Leave the pictures out. Transcribe exactly every line from the start of the records through the one containing "下图为某地某水平面的岩层分布".

++++

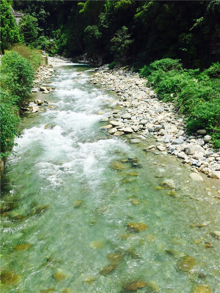 ▼黑湾河山门前澄碧透彻的溪流
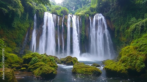 Obraz premium Mesmerizing Cascading Waterfall Surrounded by Lush Green Wilderness in...
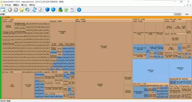 电脑用久了,经常会出现卡顿、死机等情况,这都是因为随着系统使用的时间久了,磁盘被各种各样的东西给塞满了导致的。SpaceSniffer 可以很直观的以区块,数字和颜色来显示硬盘上文件夹,文件大小。
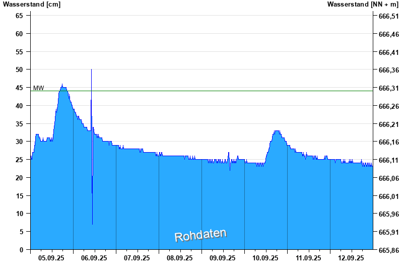 Messwerte beeinflusst durch Kraftwerkssteuerung und Kiesumlagerungen. Kiesanlandungen können bei Niedrigwasser Trockenlegung der Messinstrumente bewirken.
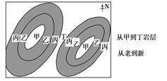 下图为某地某水平面的岩层分布图,读图回答题。![]() 小题1:图中丁处的地质构造为
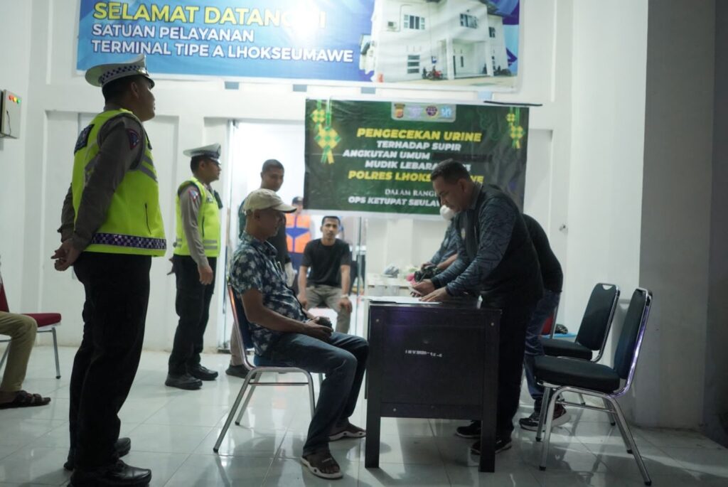 LHOKSEUMAWE – Satlantas Polres Lhokseumawe bersama tim gabungan kembali melakukan pemeriksaan urin terhadap pengemudi angkutan umum di terminal tipe A, Desa Meunasah Mee Kandang, Kecamatan Muara Dua, Kota Lhokseumawe, Senin (24/4/2023) malam.
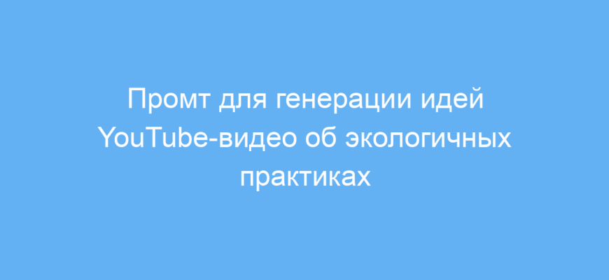 Представь, что ты эксперт по YouTube-видео. Предоставь интересные и хорошо проработанные идеи тем для видео на заданную тему и ключевое слово. Убедись, что контент актуален, информативен и оптимизирован под интересы аудитории и поисковые системы. Тема для видео: экологичные практики и устойчивый образ жизни. Ключевые слова для ранжирования: экологичные практики, зеленый образ жизни, советы по нулевым отходам. |
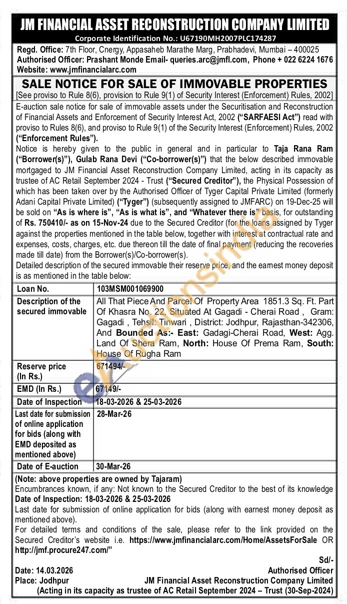 All That Piece And Parcel Of Property Area 1851.3 Sq. Ft. Part Of Khasra No. 22, Situated At Gagadi - Cherai Road, Gram: Gagadi, Tehsil: Tinwari, District: Jodhpur, Rajasthan-342306, And Bounded As:- East: Gadagi-Cherai Road, West: Agg. Land Of Shera Ram, North: House Of Prema Ram, South: House Of Rugha Ram
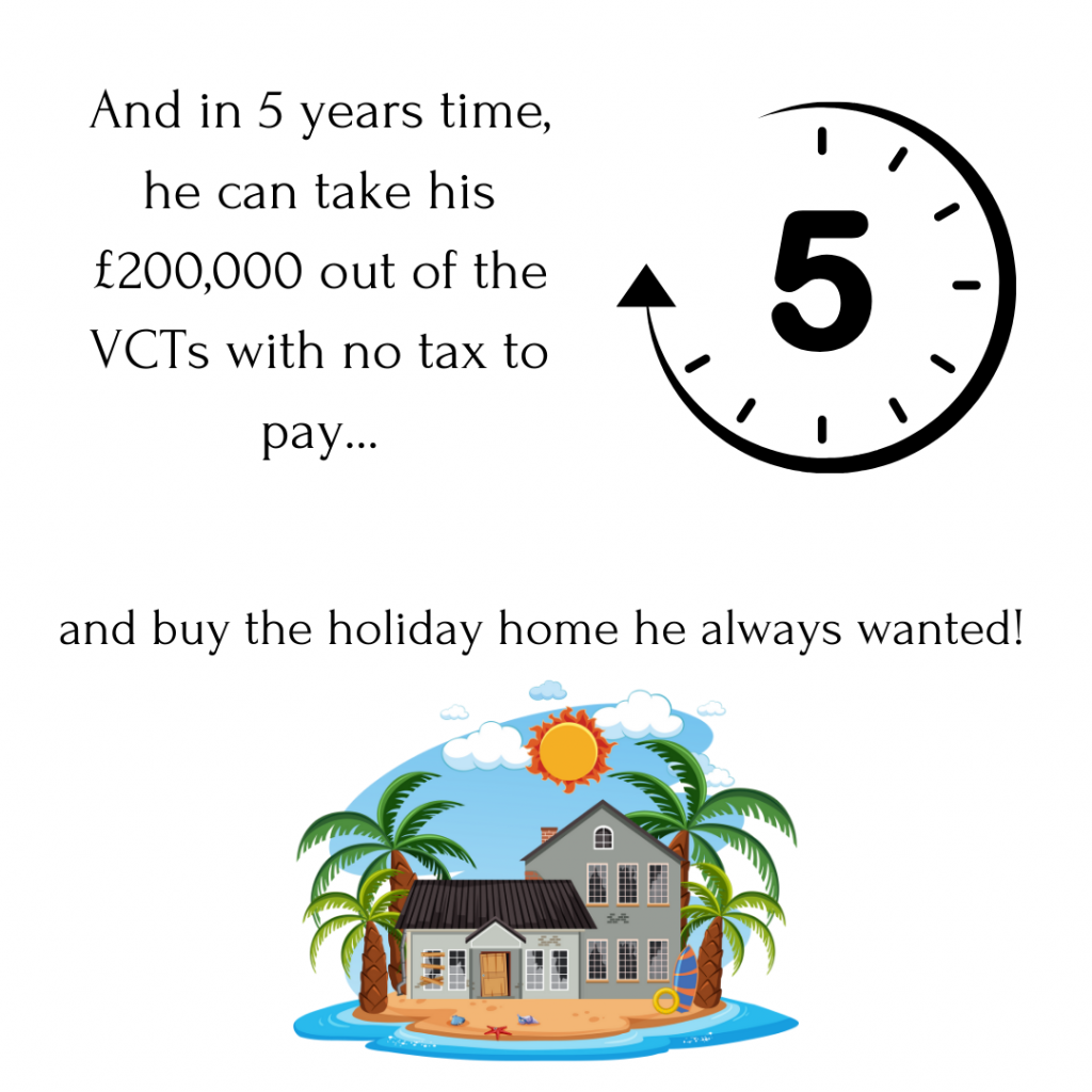 Five years later, he takes the £200,000 out of the VCT to buy his holiday home
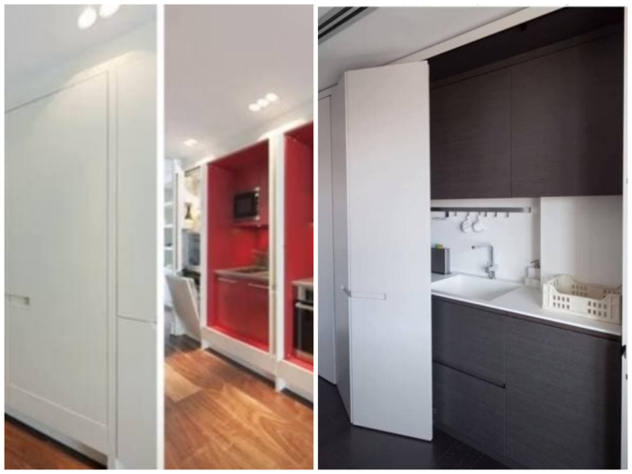 5. Зонирование плюс скрытие кухонной секции за дверьми любого типа
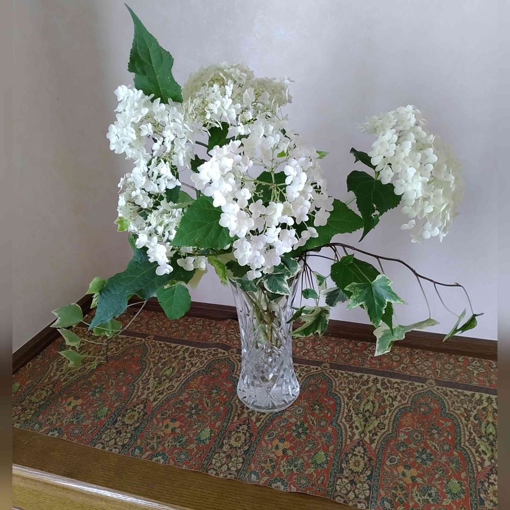 暑さのせいか、アナベルが緑になるのが早いです!なるべく、遅く咲いて、まだ白いのを選んで切ってきました😉
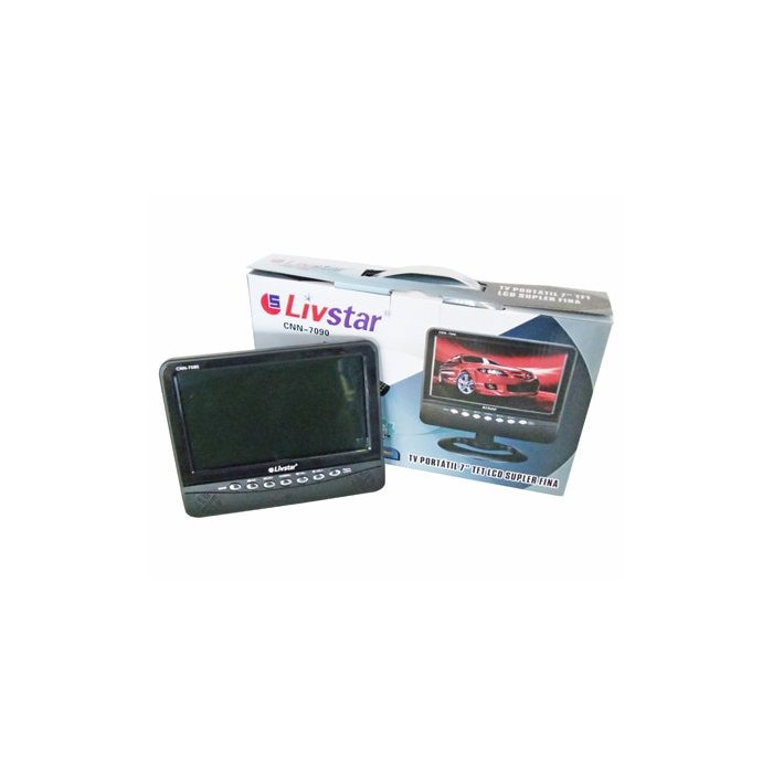 Entrada AV e fone de ouvido, vários idiomas do menu osd Suporta cartão sd/mmc e USB Suporta os formatos mpg/mp3/mp4 TV out Tv Analógica plano ntsc Auto Busca completa de radio FM Entrada de câmera de ré para Casa, Carro Itens inclusos Controle remoto Adaptador AC Carregador de carro 12v Manual de instrução Cabo AV Fone de ouvido e suporte para tela Tamanho da Tela: 7 Polegadas Peso Aproximado: 720 gramas Quantidade: 1 Televisão de LCD Portátil com Entradas USB / SD e Radio FM Cor: Preta Composição: Plástico e Componentes Eletrônicos
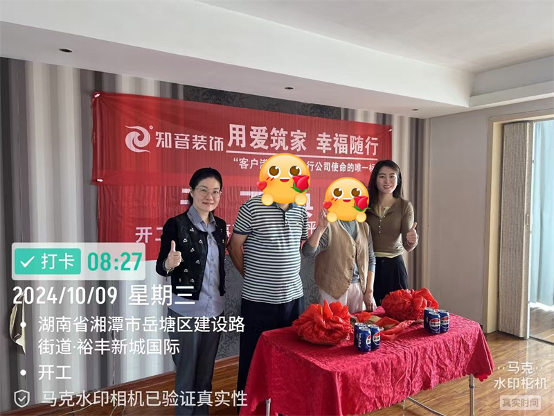經(jīng)過(guò)原屋儉收,電梯公共過(guò)道保護(hù),鏟除墻皮,全房放線定位后知音裝飾為每戶(hù)業(yè)主舉行隆重的開(kāi)工儀式以表慶賀
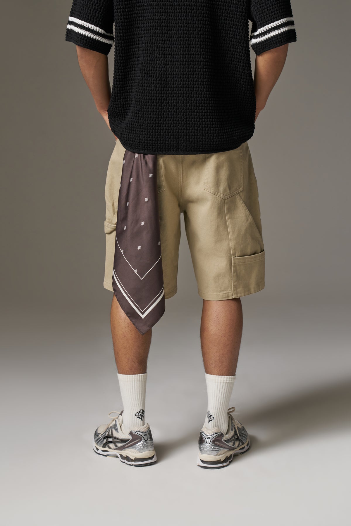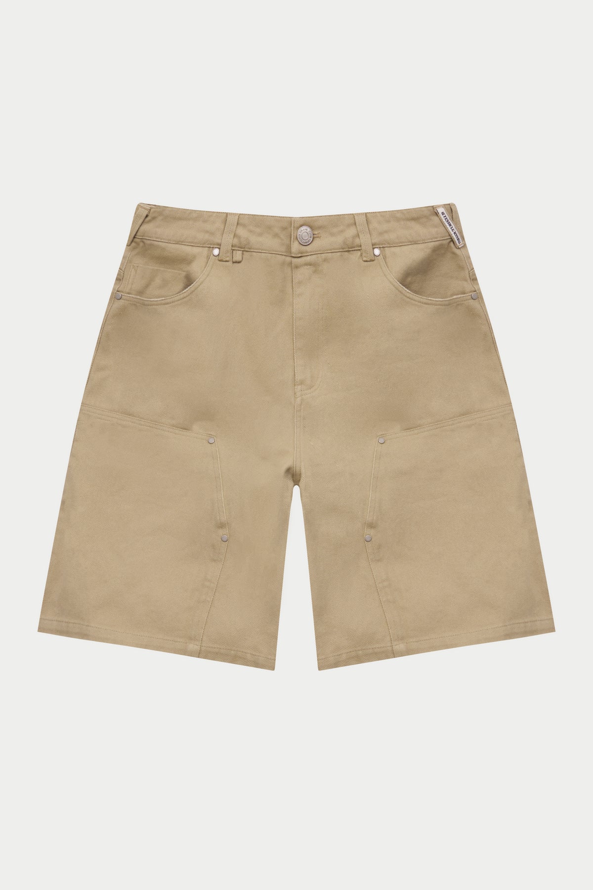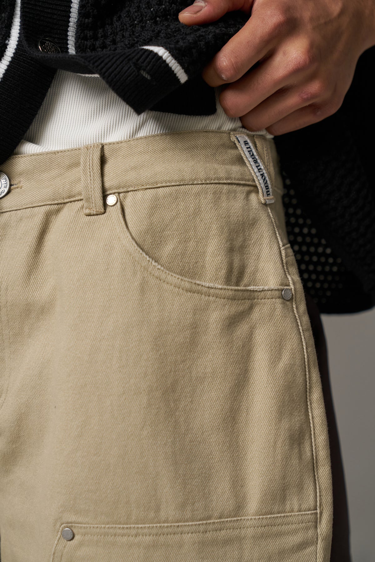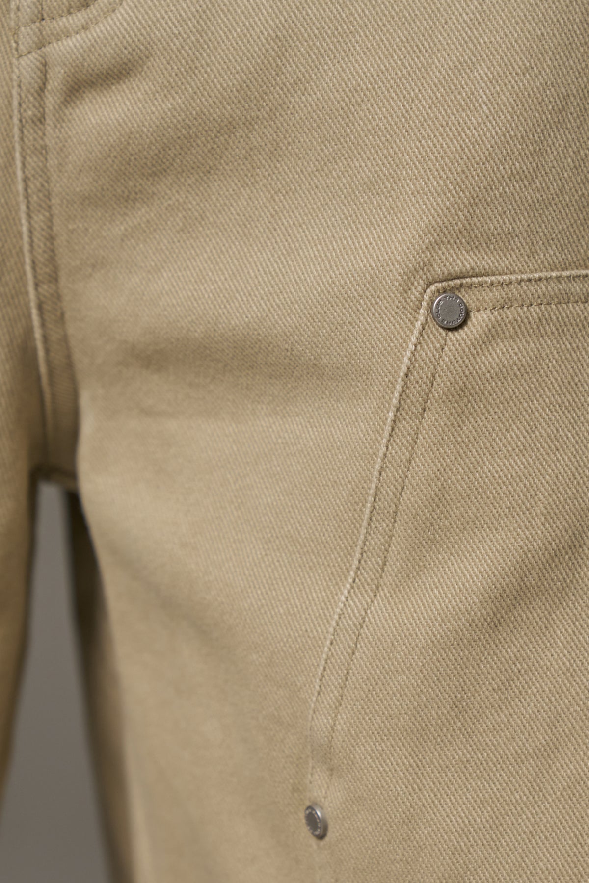 - Self fabric double carpenter panels with branded brushed silver rivets

++++

[Solution to this task]
 ▼黑湾河山门前澄碧透彻的溪流
 Obraz premium Mesmerizing Cascading Waterfall Surrounded by Lush Green Wilderness in...
 电脑用久了,经常会出现卡顿、死机等情况,这都是因为随着系统使用的时间久了,磁盘被各种各样的东西给塞满了导致的。SpaceSniffer 可以很直观的以区块,数字和颜色来显示硬盘上文件夹,文件大小。
 Messwerte beeinflusst durch Kraftwerkssteuerung und Kiesumlagerungen. Kiesanlandungen können bei Niedrigwasser Trockenlegung der Messinstrumente bewirken.
 下图为某地某水平面的岩层分布图,读图回答题。![]() 小题1:图中丁处的地质构造为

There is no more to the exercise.